__COLLECTED DATA__:
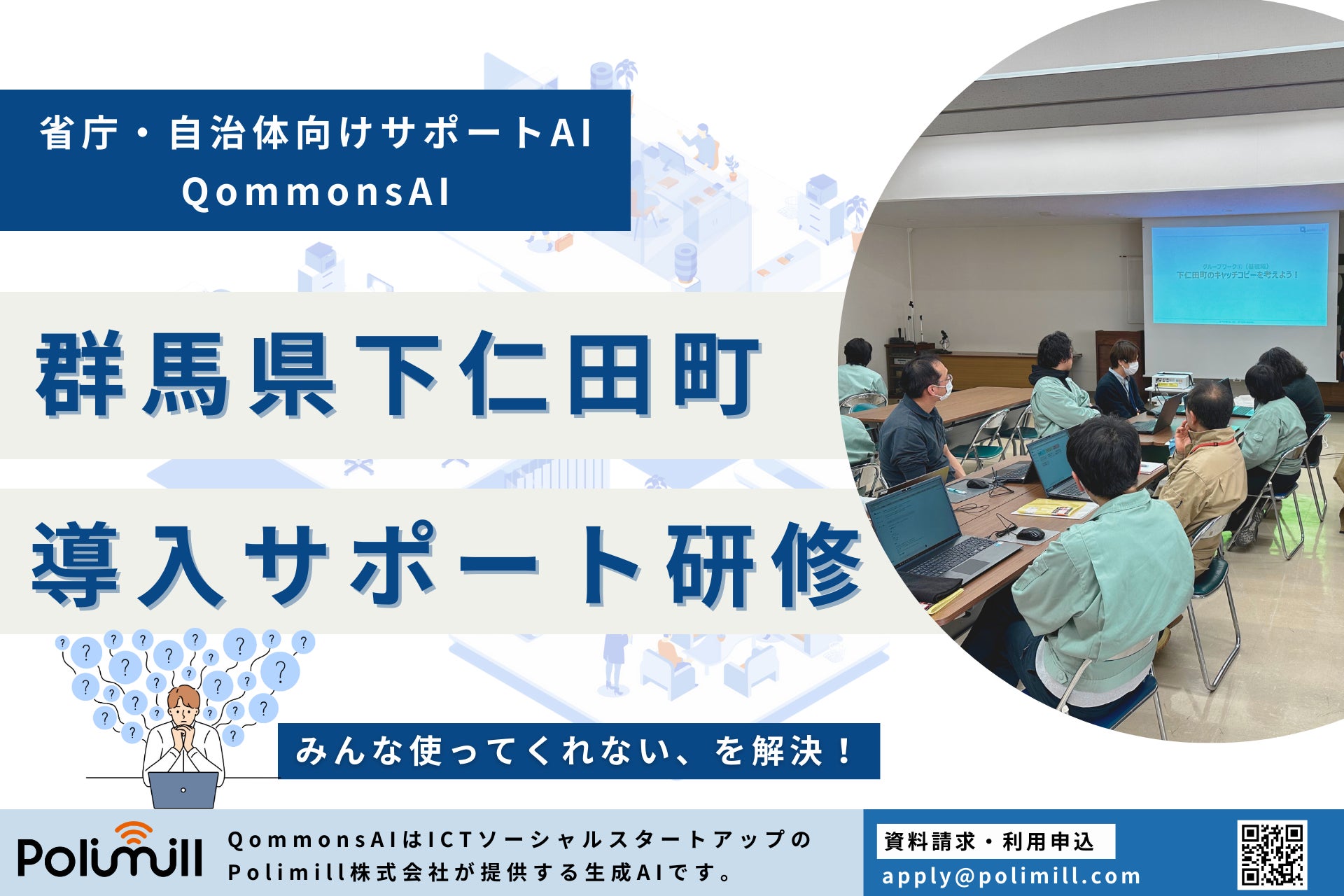 生成AIの社会実装をリードするPolimill株式会社(本社:東京都港区、代表取締役:横田えり)は、2025年1月28日、群馬県下仁田町にて自治体向け生成AI「QommonsAI」の導入サポート研修を実施しました。
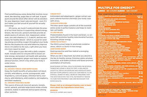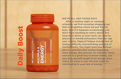 Studio : Mt. Angel Vitamins Publisher : Mt. Angel Vitamins Binding : Health and Beauty Product Description Getting adequate vitamins and minerals is important to maintain health - but sometimes your busy life calls for an extra energy boost. Multiple 4 Energy contains a dose of high-antioxidant green leafy vegetables and an assortment of berries to help fill in gaps in your diet. Adaptogenic ginger extract supports adrenal function, while spirulina helps to protect cell health so systems run smoothly. Predominately found in the heart and brain, co-enzyme Q10 promotes healthy mitochondrial function, boosting cellular energy. This complex also provides alpha-amylase, bromelain, acid stable protease and lipase to improve nutrient absorption. 0
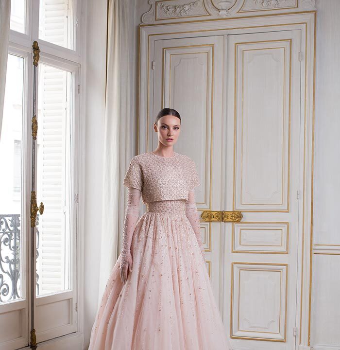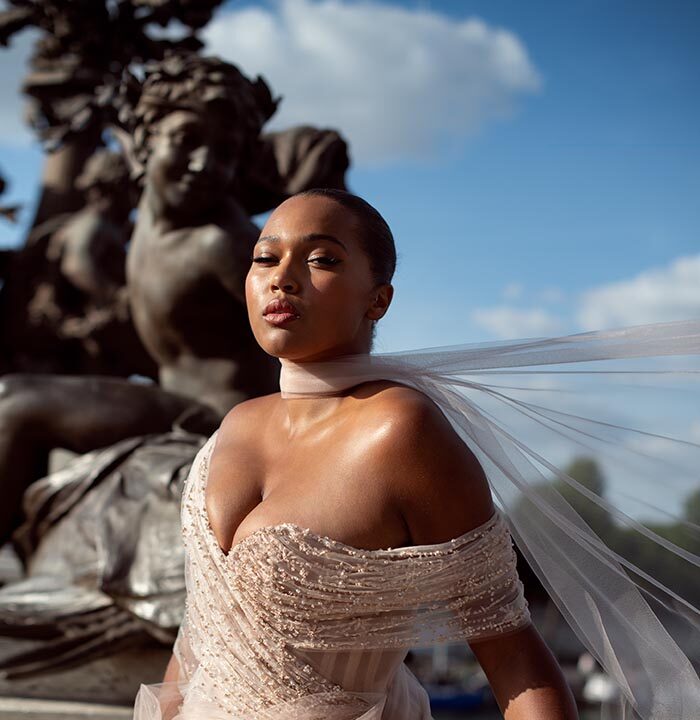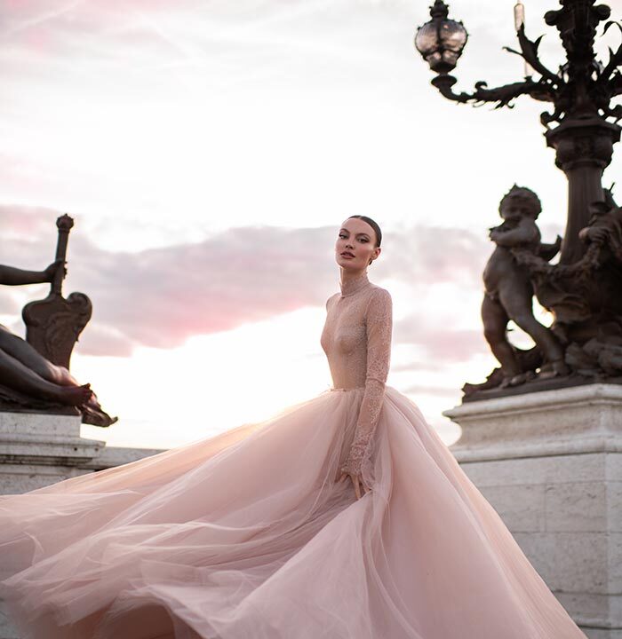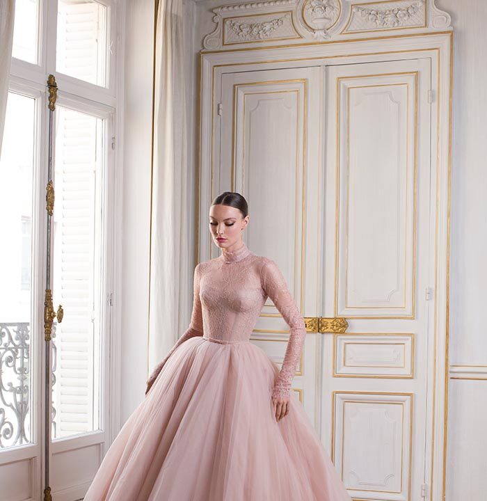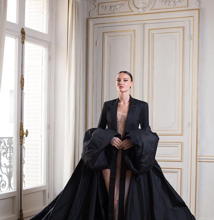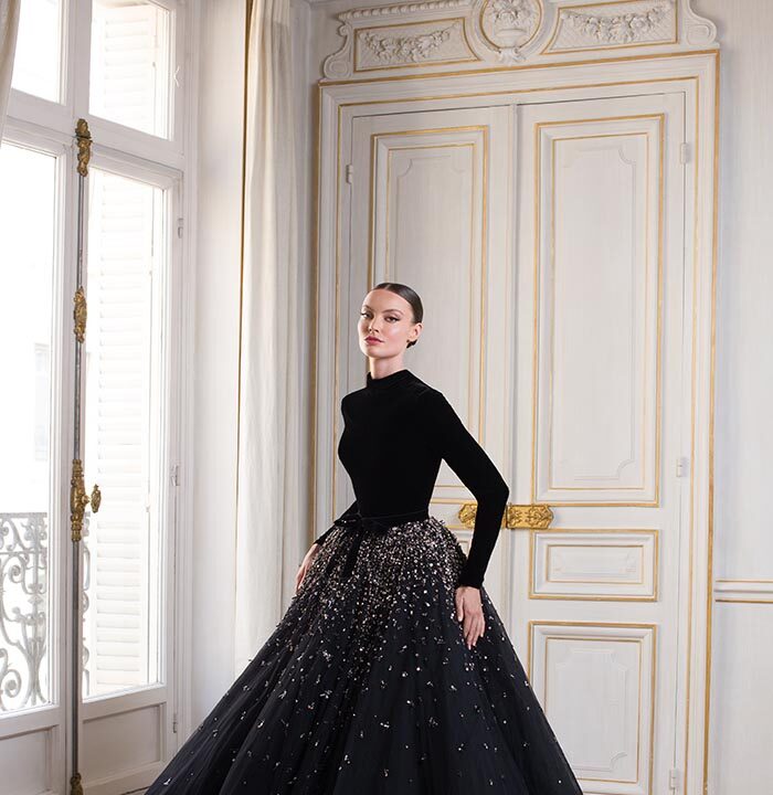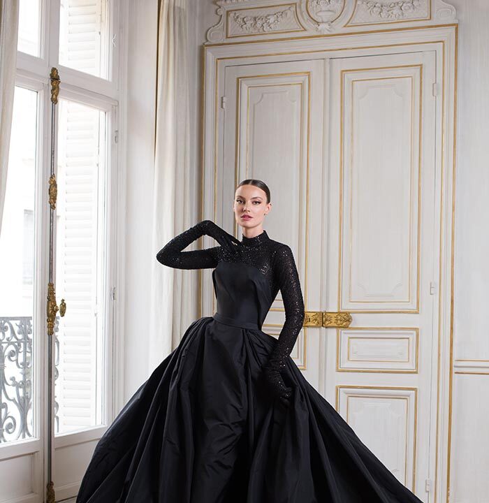 Luminary is a striking and elegant collection with a distinctive colour palette of noir, argile, and rose clair. Masculine meets feminine with a thrilling combination of sharp tailoring, corsetry, and high necklines effortlessly balanced with romantic ball gown silhouettes of illusion tulle and sensual body-skimming column dresses. Intricate geometric beadwork of paillette and Swarovski crystal set the scene for a truly exquisite finish.
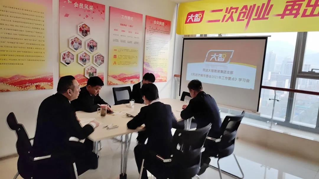 3月12日下午,民進(jìn)大智教育集團(tuán)支部在主任張維東的帶領(lǐng)下集體學(xué)習(xí)了《民進(jìn)濟(jì)南市委會(huì)2021年工作要點(diǎn)》,支部副主任趙珩主持會(huì)議。

__TASK STATEMENT__:
Omit every picture while printing the data word for word.

__OUTPUT FOR THIS EXERCISE__:
 生成AIの社会実装をリードするPolimill株式会社(本社:東京都港区、代表取締役:横田えり)は、2025年1月28日、群馬県下仁田町にて自治体向け生成AI「QommonsAI」の導入サポート研修を実施しました。
 Studio : Mt. Angel Vitamins Publisher : Mt. Angel Vitamins Binding : Health and Beauty Product Description Getting adequate vitamins and minerals is important to maintain health - but sometimes your busy life calls for an extra energy boost. Multiple 4 Energy contains a dose of high-antioxidant green leafy vegetables and an assortment of berries to help fill in gaps in your diet. Adaptogenic ginger extract supports adrenal function, while spirulina helps to protect cell health so systems run smoothly. Predominately found in the heart and brain, co-enzyme Q10 promotes healthy mitochondrial function, boosting cellular energy. This complex also provides alpha-amylase, bromelain, acid stable protease and lipase to improve nutrient absorption. 0
 Luminary is a striking and elegant collection with a distinctive colour palette of noir, argile, and rose clair. Masculine meets feminine with a thrilling combination of sharp tailoring, corsetry, and high necklines effortlessly balanced with romantic ball gown silhouettes of illusion tulle and sensual body-skimming column dresses. Intricate geometric beadwork of paillette and Swarovski crystal set the scene for a truly exquisite finish.
 3月12日下午,民進(jìn)大智教育集團(tuán)支部在主任張維東的帶領(lǐng)下集體學(xué)習(xí)了《民進(jìn)濟(jì)南市委會(huì)2021年工作要點(diǎn)》,支部副主任趙珩主持會(huì)議。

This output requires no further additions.